Today, oil prices have already touched the new benchmark, with Goldman Sachs, a global investment bank, predicting near-term prices of around US$20 per barrel. Supposing that government is somehow able to plug the leakages in upstream oil and gas exploration and exploitation, and we meet the 2.2mbd estimated by the MTEF/FSP this year, how do we resolve the demand question? In other words, even if we get the supply-side concerns right, can we unilaterally boost demand for our oil exports? The transition of the Chinese economy away from investment-led growth to demand-led growth has been indicted for the dismal performances of commodities last year. Most analysts expect this transition to weigh further on global demand going forward.
If US$38pb oil next year is roseate, then the 2017/2018 numbers are no less so. And that is the main drawback of the MTEF/FSP document: too many exogenous variables ― most of them in the air; and even more iffy assumptions. It is hard, for instance, to see how non-oil revenues would grow in a rapidly decelerating economy. At a point, the new focus on solid minerals as part of the planned diversification of the economy’s revenue base approaches the comical: oil’s crisis is really a global commodity one. So not just are we turning to economic sectors whose fortunes are positively correlated with crude oil, but whose prices are likely to remain in the doldrums for a while yet.

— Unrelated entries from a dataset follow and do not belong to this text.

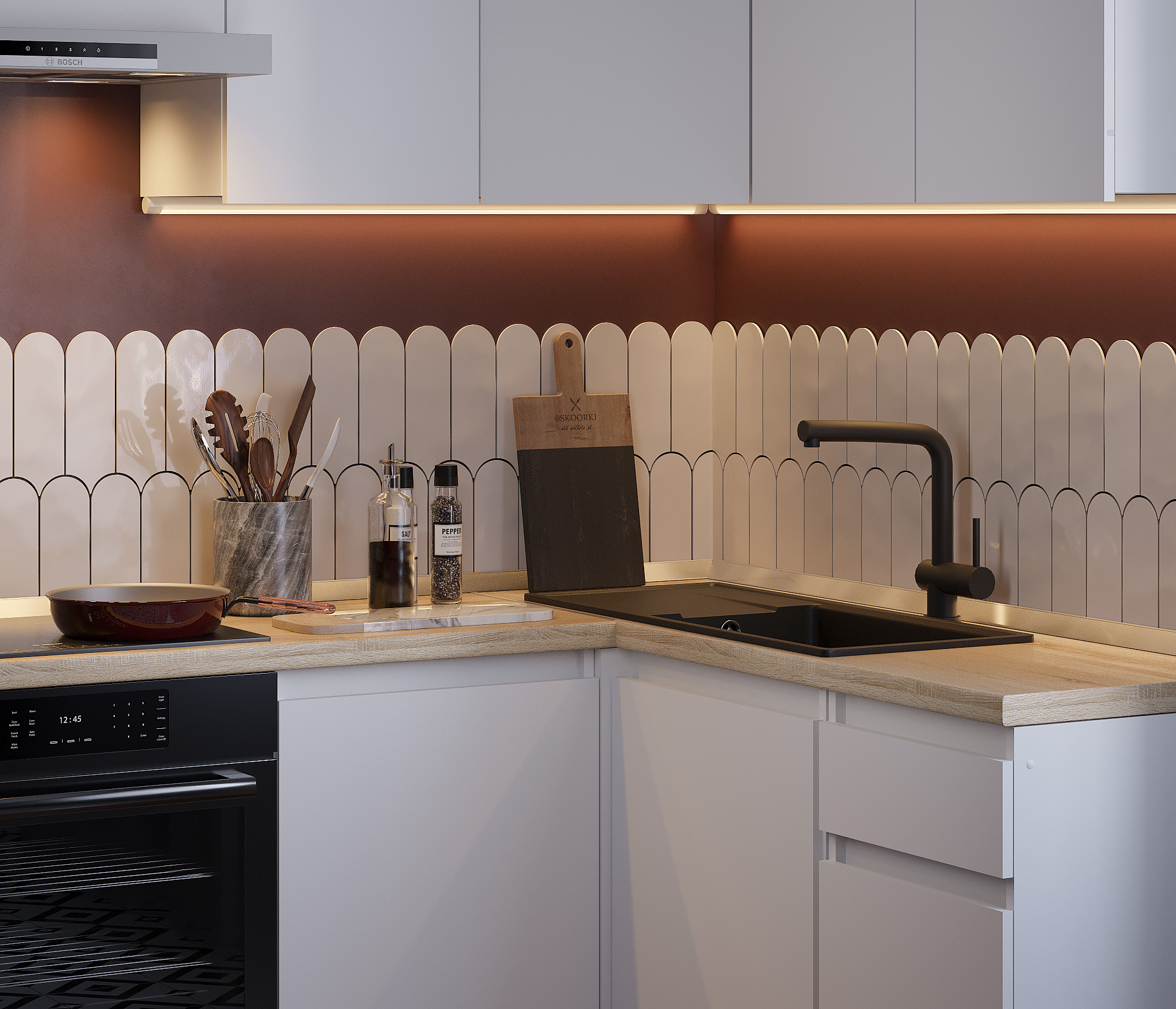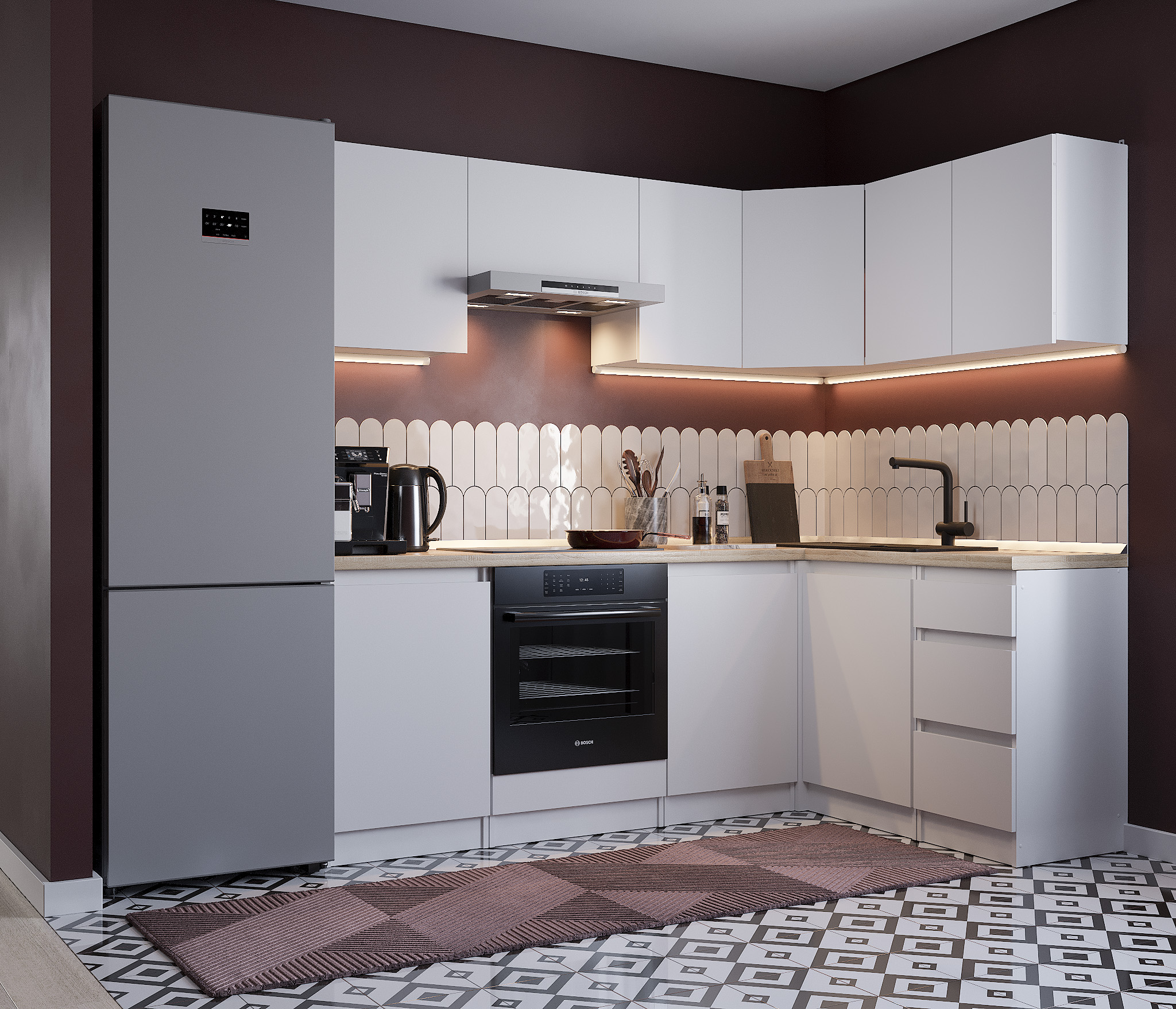 Кухня Леон сочетает в себе функциональность, стиль и доступность, и является прекрасным выбором для тех, кто ищет компактное и удобное решение для своей кухни. Кухонный гарнитур Леон идеально подходит для помещений с ограниченным пространством. Корпус и фасады выполнены из белого ЛДСП. Фасады столов и шкафов не имеют лицевой фурнитуры и открываются захватом за тыльный край фасада. Леон смотрится современно, а отсутствие ручек упрощает уход за поверхностью.
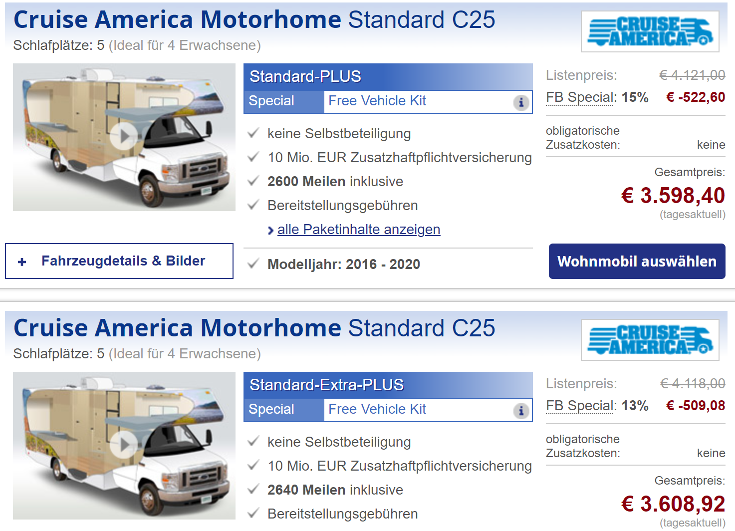 Geen specifieke eisen. De prijs van de c25 van cruise america (in usa ook ca geboekt vorige jaren) werd zo hoog nadat tax en personal kit en kitchen supplies etc erbij kwamen. Er waren wel geen vroegboekdeals zoals bij deze dus ik ga onmiddellijk kijken. Bedankt!!
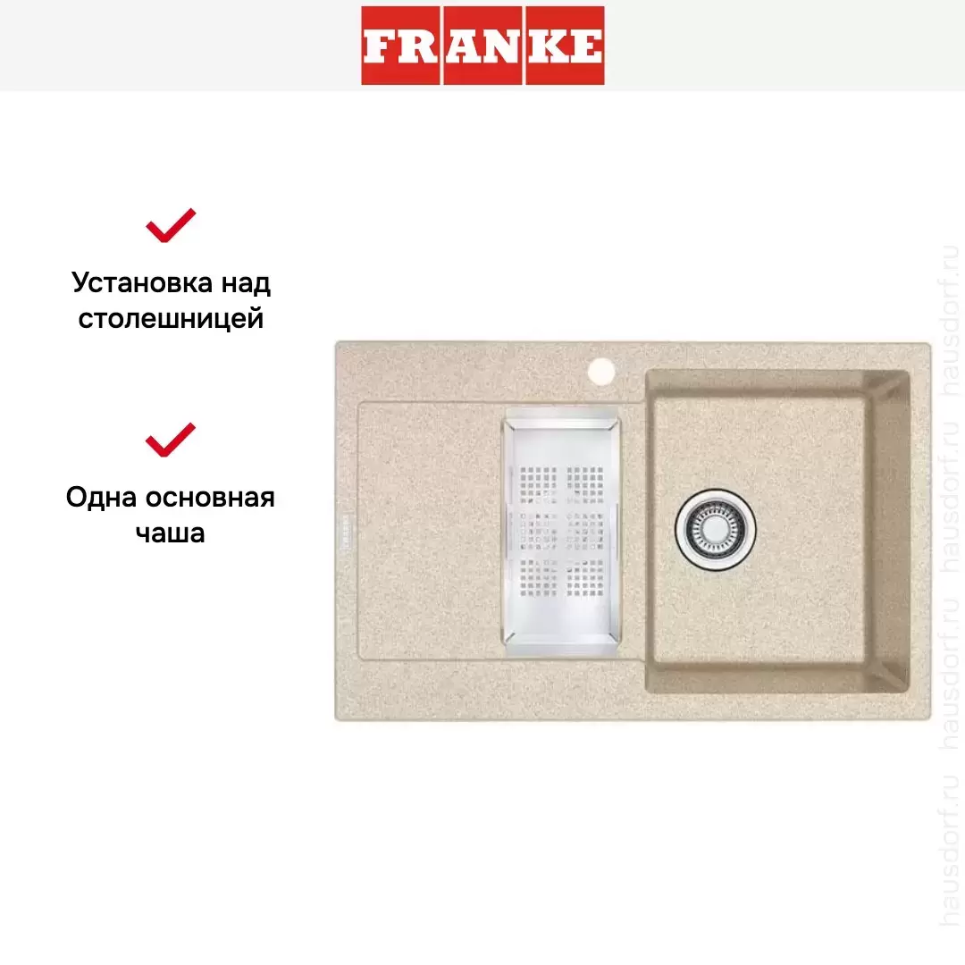Накладная мойка Franke — отличный выбор для тех, кто хочет создать гармоничное пространство с удобной сантехникой. простой в установке. Преимущество такой конструкции: легко подобрать практически к любой кухне и не придется демонтировать вместе с тумбой при ремонте или перестановке остальной мебели. Данная модель имеет стандартную форму, поэтому подходит большинству пользователей. Устанавливается над столешницей: это самый простой способ монтажа, зачастую с ним можно справиться даже без специалистов, главное — правильно рассчитать размеры ниши.
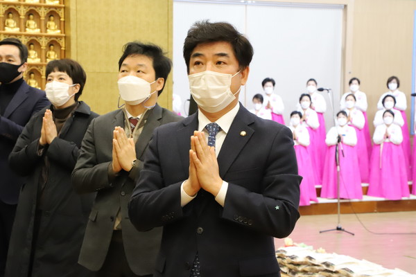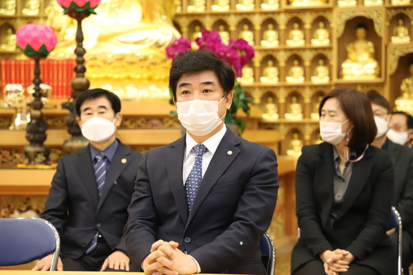 [경인신문=김중택 기자] 김병욱 국회의원(더불어민주당, 분당을)은 28일 성남 분당 대광사 월장 스님의 주지 취임식에 참석했다.
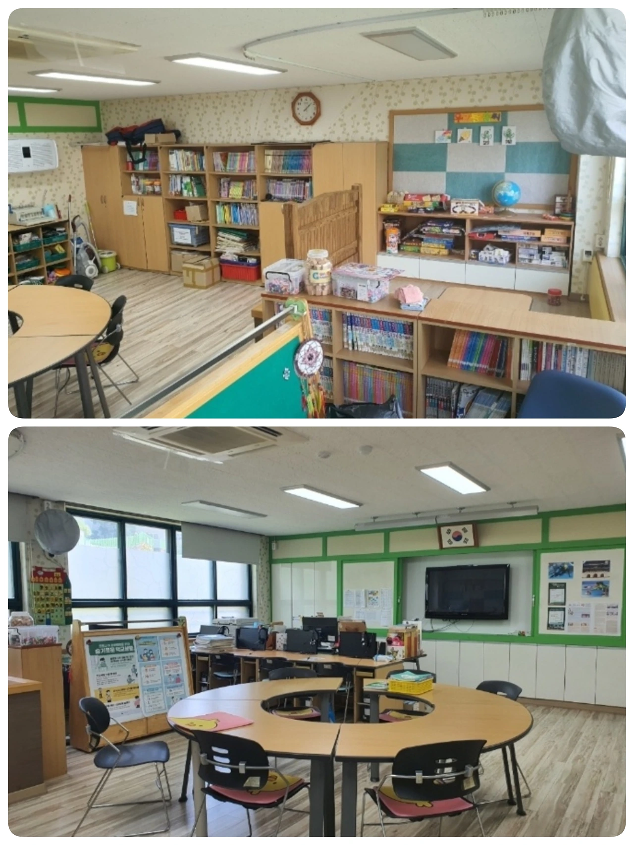 활동 공간이 너무 좁아서, 큰 타원 책상을 피해 다니다 보면 곧잘 골반뼈를 부딪히기 일쑤였다. 그 외에도 보조인력이 없이 지낸 지 5년은 된 거로 아는데.. 보조인력은 책상과 폐기할 물품들이 한자리 가득 차있었다. 좌식 공간도 한몫해서 교실 1/3은 거의 사용이 어려웠다. 지금 재학 중인 중학생들도 체격이 워낙 크기도 하고(운동 잘하는 중3은 180이 넘고, 중2 남학생과 중1 남학생은 꿇거나 좌식 앉는걸 불편해했다.) 사용빈도가 덜해지는 공간이 아깝기도 했었다.

Why, in addition, are value added tax (VAT) receipts expected to go up next year with most businesses all in the red, or quickly headed that way? True, government’s “coordinated border management strategy as well as reinforced anti-smuggling activities through intelligence gathering and networking” may have dividends to deliver, but I do not see “aggregate national consumption” growing even as both the public and private sectors appear close to retrenching. Indeed, concerning VAT, the MTEF/FSP document admits that the 2015 budget numbers were exaggerated, based as it were on the expectation of a 10 percent rate rise.
This leads to consideration of how the budget’s funding gap is to be made up. The MTEF/FSP proposes a budget of N6.04tn on revenues of N3.82tn. Not just is the resulting deficit (N2.22tn) below the 3 percent of GDP prescribed by the fiscal responsibility act, but it is also not that much of a burden in the light of a debt-to-GDP ratio currently at 12 percent. However, since you service debt out of one’s assets only when bankruptcy looms, the more useful measure of the sustainability of the country’s debt is our debt service-to-revenue numbers. With revenues heaving southwards inexorably, this is not as good looking as the debt-to-output numbers indicate.
Beyond this immediate fret-points, I am uncertain which is the larger cause for worry. The grab bag of nice initiatives that still need to be funded ― including protection for the poor and most vulnerable? Or the fact that the document’s allusion to the market and foreign investors does not sit well with the Buhari government’s current “body language”.
How is a conditional cash transfer scheme to work without data? Beneficiaries have got to be means-tested, at the very least. How long before we can build the infrastructure that helps collect and interrogate the requisite data? Then again, the N500bn bill for the social security initiative is so not enough given our acknowledged levels of need. And so we must sequence deployment. Unfortunately, the document fails to give a sense of what this would look like. To tell the truth, this inadequate budget and sequencing challenge presents itself all over the document. At its most insightful, the document describes a “phased Social Welfare Programme”. But “phased” and “sequenced” are neither synonyms nor interchangeable.